No Love for Slow Man

Not even from Francine Prose, who opines, “The problem was that every word I was reading was not only reminding me of, but making me desperately wish that I was reading, another book that, as it happens, begins with a man struck by an automobile while riding his bicycle, and that also follows his slow, painful attempts to recover some damaged, recognizable version of his former self. That is Denton Welch’s extraordinary A Voice Through a Cloud, his last novel, published unfinished and posthumously in 1950.”

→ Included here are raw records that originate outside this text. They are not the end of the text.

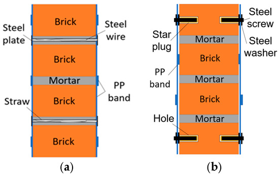 In the studies mentioned above, there are two ways of strengthening the PP band. In the first method, the PP band was tightened together by clips using tensioners and sealers [18]. This method was effective in strengthening small brick masonry patterns. However, when considering its use on walls, it is difficult to attach the PP band mesh to the wall. Almost all the walls were restrained at three or four edges. Therefore, the PP band mesh cannot wrap the wall at the intersection between the wall and column. In the second method, PP band mesh was created by using a portable ultrasonic welder. Afterwards, holes were drilled through the mortar layers in the wall and small straws/pipes were left embedded at the joints. PP band mesh can be applied to both faces of the wall with the help of connectors, which can be steel wires and PP bands [16]. When using steel wires to fasten the PP band mesh on the wall, as shown in Figure 2a, the hardness at the connection position was low. Additionally, when observed from the form of destruction in Figure 1, it was found that the surface between the mortar bricks or in the mortar layer was often where the cracks first appeared and continued to expand until failure. This raises the problem of damage to the connection position. It effectively reduces the tension ability of the PP band mesh, owing to the simultaneous displacement of both the fixed position and mesh. Therefore, to clarify this issue, we have developed a suitable PP band fixation method to enhance the hardness at the connection position, shown in Figure 2b.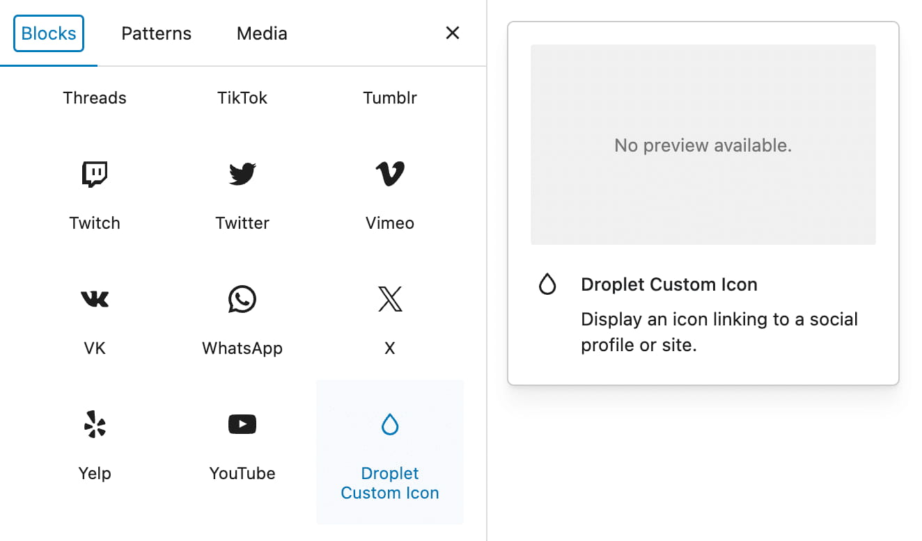 新增的 block_core_social_link_get_services 过滤器允许开发者使用区块变体为社交链接区块添加自定义链接图标。此新增功能为自定义社交链接区块提供了更多选项,并免去了核心管理大量服务列表的麻烦。
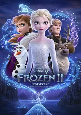 Frozen II (2019) ผจญภัยปริศนาราชินีหิมะ : เรื่องราวของการผจญภัยของ เอลซ่า (ไอดิน่า เมนเซล) ที่กำลังเดินทางสู่ผืนป่าอันกว้างใหญ่ โดยเป้าหมายของเธอคือการค้นหาคำตอบว่า "ทำไมเธอถึงได้เกิดมาพร้อมกับพลังวิเศษ?" โดยมีเจ้าหญิงอันนา (คริสเตน เบลล์) ร่วมเดินทางเคียงข้างโดยไม่ปล่อยให้พี่สาวของเธอต้องต่อสู่เสียงลำพัง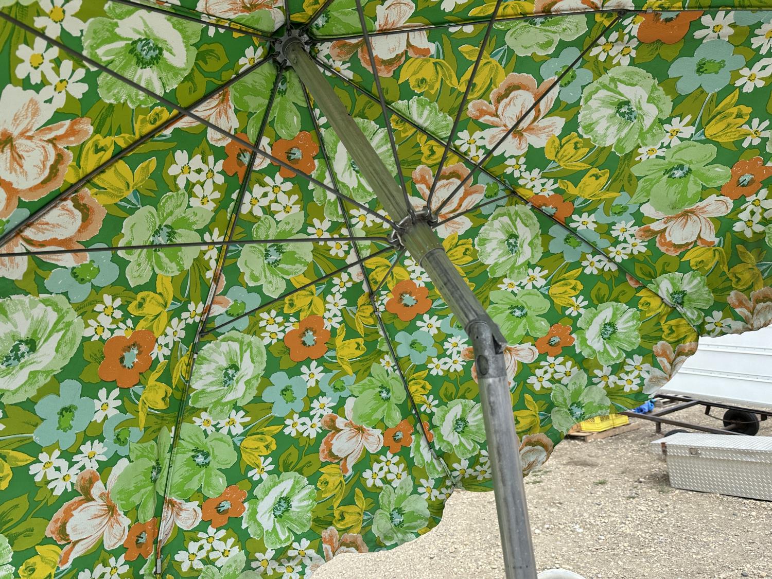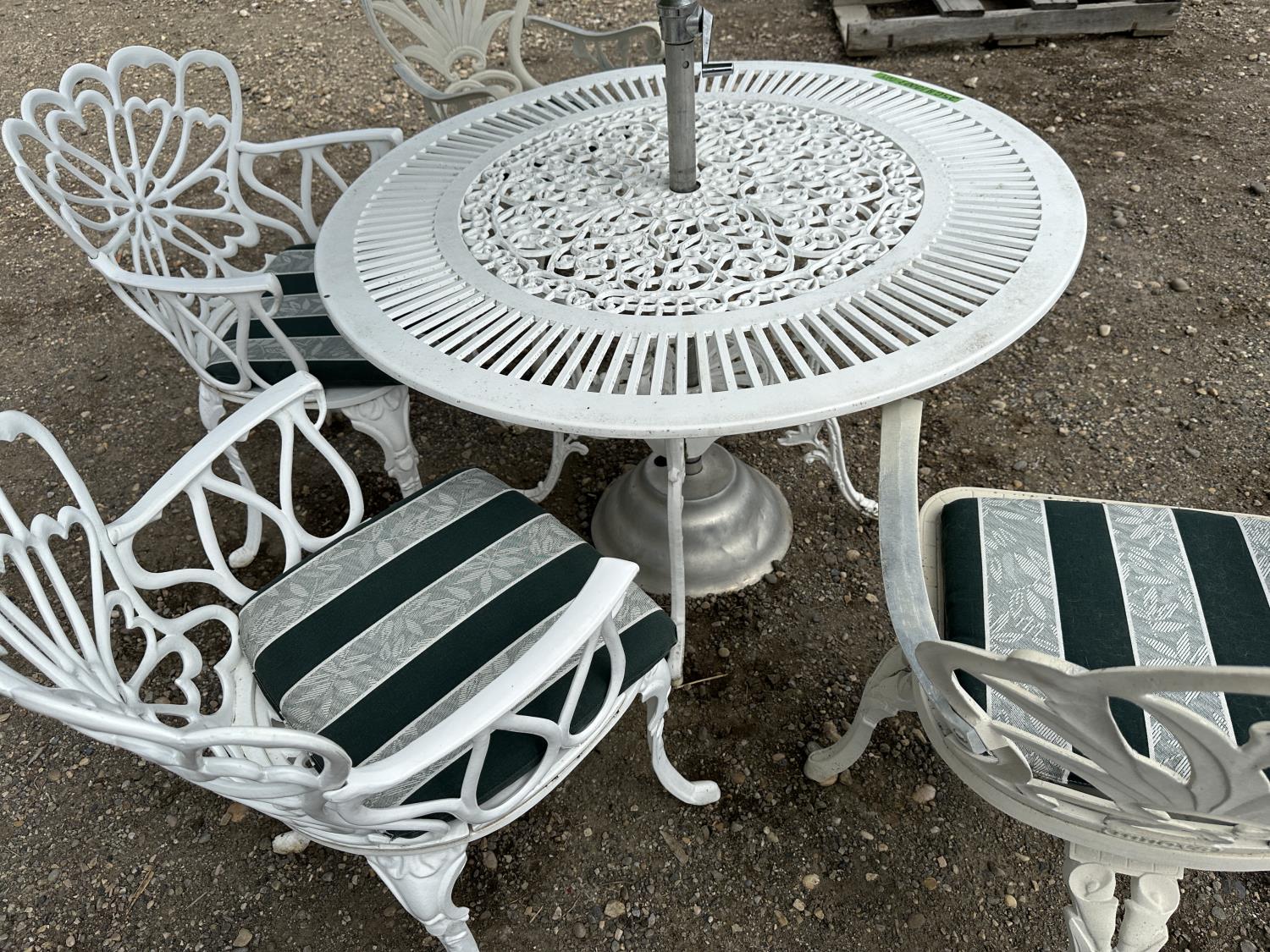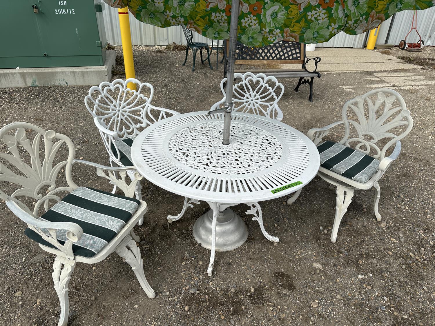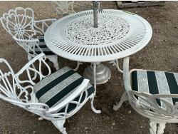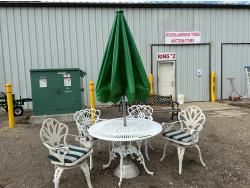 1578 Vintage Patio Set with Tilting Umbrella and (4) Chairs

[UPDATE: The Literary Saloon has a nice overview of the Slow Man coverage thus far.]

1 Comments

  1. Sounds rather harsh coming from the woman who gave us “Blue Angel,” wherein, surprise of surprises, a writing professor gets a hard-on for his student. Library journal summarizes it thus: “An autobiographical writer in the throes of a mid-life crisis, he feels he’s suffocating in his comfortable, boring job at a small New England college, stuck with a predictable wife, a sullen daughter, and a life that offers him nothing to write about. So he becomes entranced by his most talented student, Angela, a girl with numerous facial piercings who can spin a page-burning novel out of her imagination.” FP’s piece is actually pretty interesting, but is she really in a position to attack another writer for being unoriginal?